Okay, now let’s talk about Kevin….Clinesmith.
Clinesmith was “the primary FBI attorney” on Crossfire Hurricane, according to Clinesmith himself to the DOJ IG in 2018, and IG’s 2019 org chart shows him as the main attorney as well. Just in case the NYT wants to call him “low level” again.
On Nov 9, 2016, the day after Trump won the 2016 Election, in internal FBI instant messages Clinesmith said “The crazies won finally”, “plus my god damned name is all over the legal documents investigating [Trump’s] staff”. On Nov 22, 2016, he also vowed “Viva le resistance”
Clinesmith was part of the SCO team interviewing @GeorgePapa19. GP actually claims Clinesmith “led” the questioning for a team of attorneys and FBI agents and analysts at his main Feb 10, 2017 interview, before his arrest in July 2017 (this is partially supported by the FBI 302)
On June 19, 2017 – just a month before Papadopoulos is charged with “obstruction” for records “altering” records – Clinesmith doctored an email from the CIA making it appear as though @carterwpage was “NOT” a source for the agency, when the CIA’s liaison had said he WAS a source
This is then relied on by an FBI agent (Supervisory Special Agent 2, or SSA 2) swearing out a FISA surveillance renewal against Page, substantially misleading the FISA court about the probable cause to surveil an American citizen (and those he was in contact with). An internal FBI instant message from Clinesmith confirms his intent in altering the email was to avoid disclosing to the FISA court that the target of the surveillance warrant Carter Page was actually a CIA source: “at least we don’t have to have a terrible footnote”

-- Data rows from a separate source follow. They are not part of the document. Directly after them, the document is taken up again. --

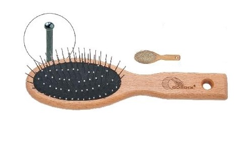 Perinteinen puuvarsinen piikkiharja, metallipiikit joissa metalliset pallot piikkien päässä. Pallot ja piikit ovat yhteinäisiä (palloja ei ole kiinnitetty erikseen, vaan ne muodostetaan valmistusprosessin kanssa samaan aikaan) ja siksi se ei revi turkkia. Pehmeä ja hellävarainen, joustavapohjainen. Varsi aitoa lakattua puuta. 7 riviä piikkejä.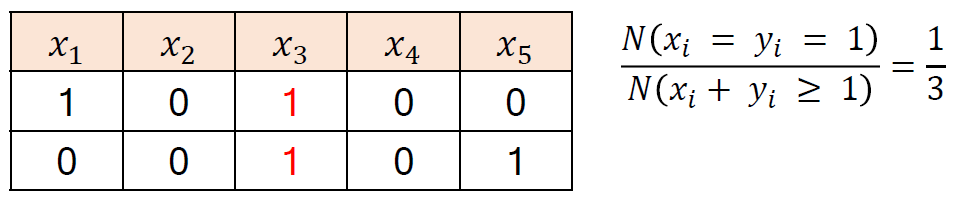 - 이진형 데이터에 적합한 유사도 척도로 둘 중 하나라도 1을 가지는 특징 중 일치하는 비율을 고려한다.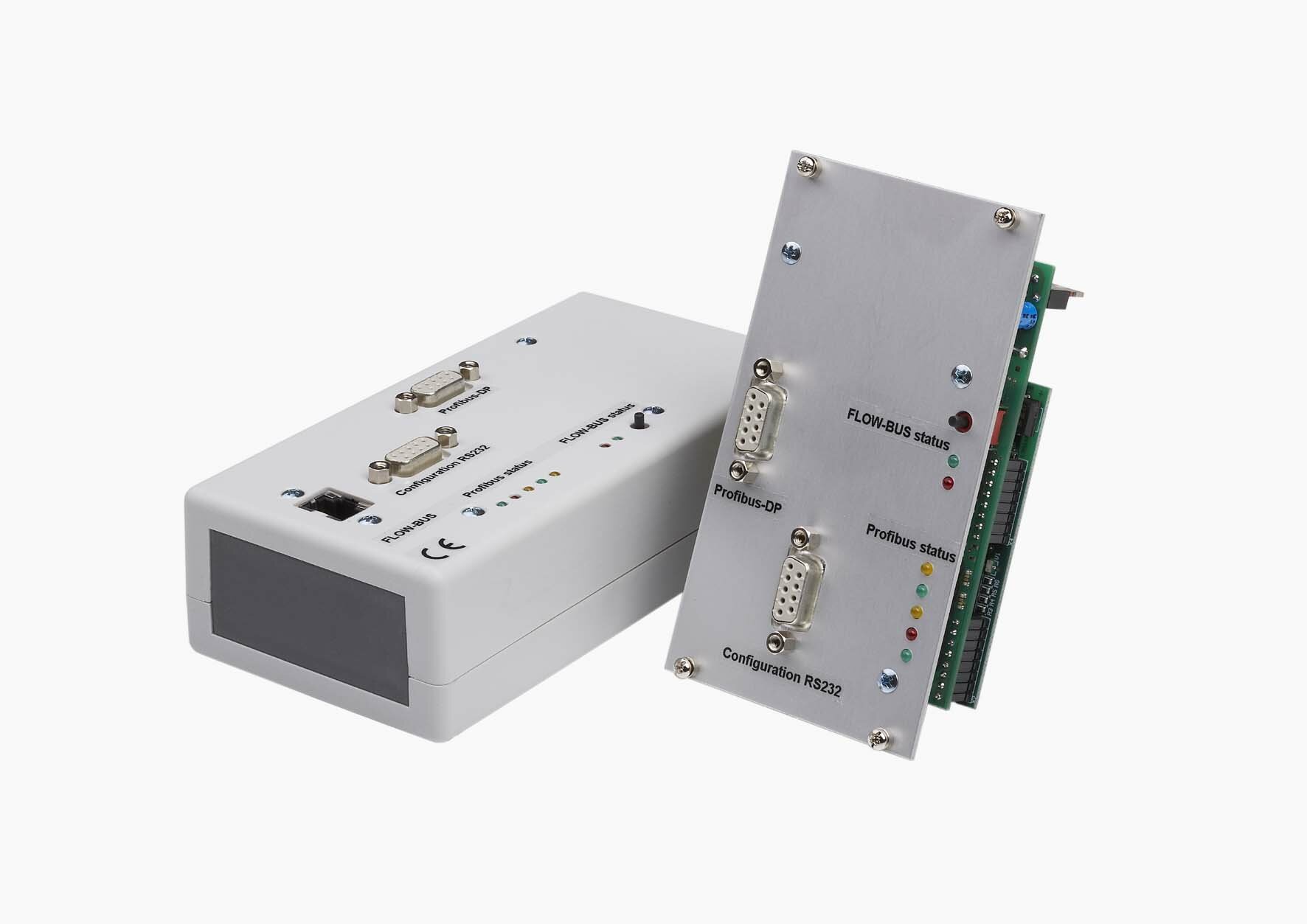 Bei Anwendungen welche eine PC Anbindung mit FLOW-BUS Feldbus-Systemen erfordern bietet Bronkhorst High-Tech E-7000 Module mit RS232 / FLOW-BUS Schnittstelle. Diese Module sind ebenso als separate Schnittstellenbox erhältlich (s. Bild).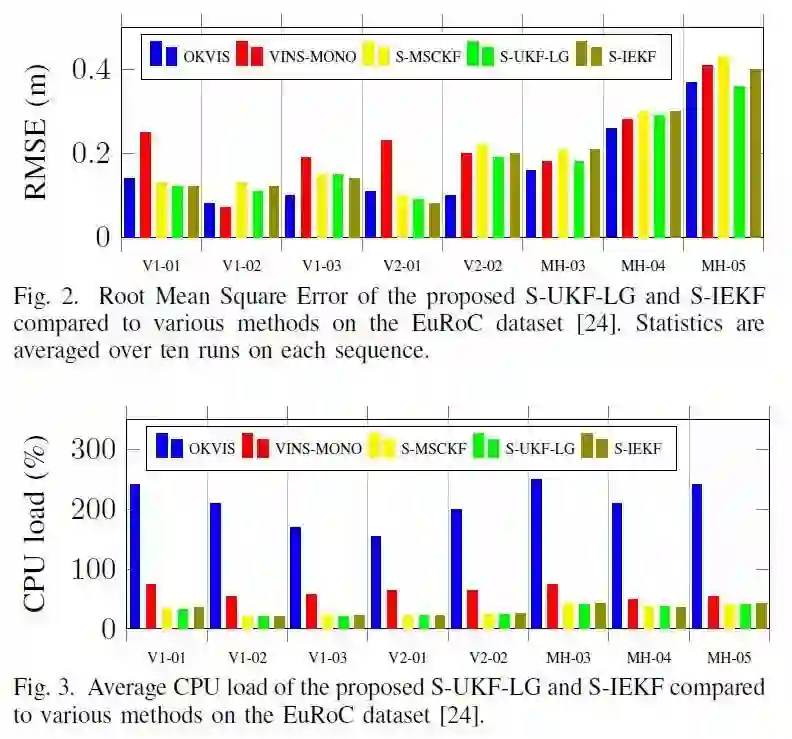 我们与最先进的解决方案在EuRoC数据集和MAV户外数据集在准确性、鲁棒性和计算复杂性方面进行了比较。
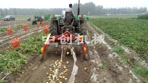 該機與播種機配套使用,專門用于馬鈴薯、紅薯、芋頭、大姜等農作物的收獲,可收獲雙壟雙行,收獲后集條式鋪放果實,更深得用戶的青睞。配套動力為29.4 ~ 36.8 kW輪式拖拉機。

Clinesmith admitted making this change to the email after being confronted by the DOJ IG nearly two years later, making this almost certainly a violation of 18 USC §1519, destruction/concealment of records, given the wording of the statute.
Only a month later – July 27, 2017 – GP is arrested at Dulles Airport and charged the next day with the same crime – 18 USC §1519 destruction/concealment of records – that a month earlier one of the lead FBI Attorney’s investigating GP appears to have committed himself.
Papadopoulos was charged with §1001 false statements because he got a date wrong about when he met Mifsud, and §1519 destruction/obstruction because he got a new Facebook account (and a new cellphone.)
Clinesmith appears to have conspired to lie to the FISA court, and destroyed/concealed a federal document under color of authority with an FBI badge, and he hasn’t been charged with anything. That’s the very definition of a two tiered system of Justice.
What’s worse is that Clinesmith was part of the same SCO team that prosecuted Papadopoulos for a §1519 obstructive alteration crime he appears to have already committed *himself* only a month beforehand, while he was “primary FBI Attorney” on Crossfire Hurricane
Is there a greater prosecutorial malevolence than charging someone with a crime when you surely know that they’re innocent of it, and when you also know you’ve committed that exact same crime yourself? This belongs in an episode of The Shield with Vic Mackey
US Attorney John Durham and AG Bill Barr now have to decide if they’re going to hold anyone accountable for any of this. And the media need to decide if they’re going to keep pretending none of this happened.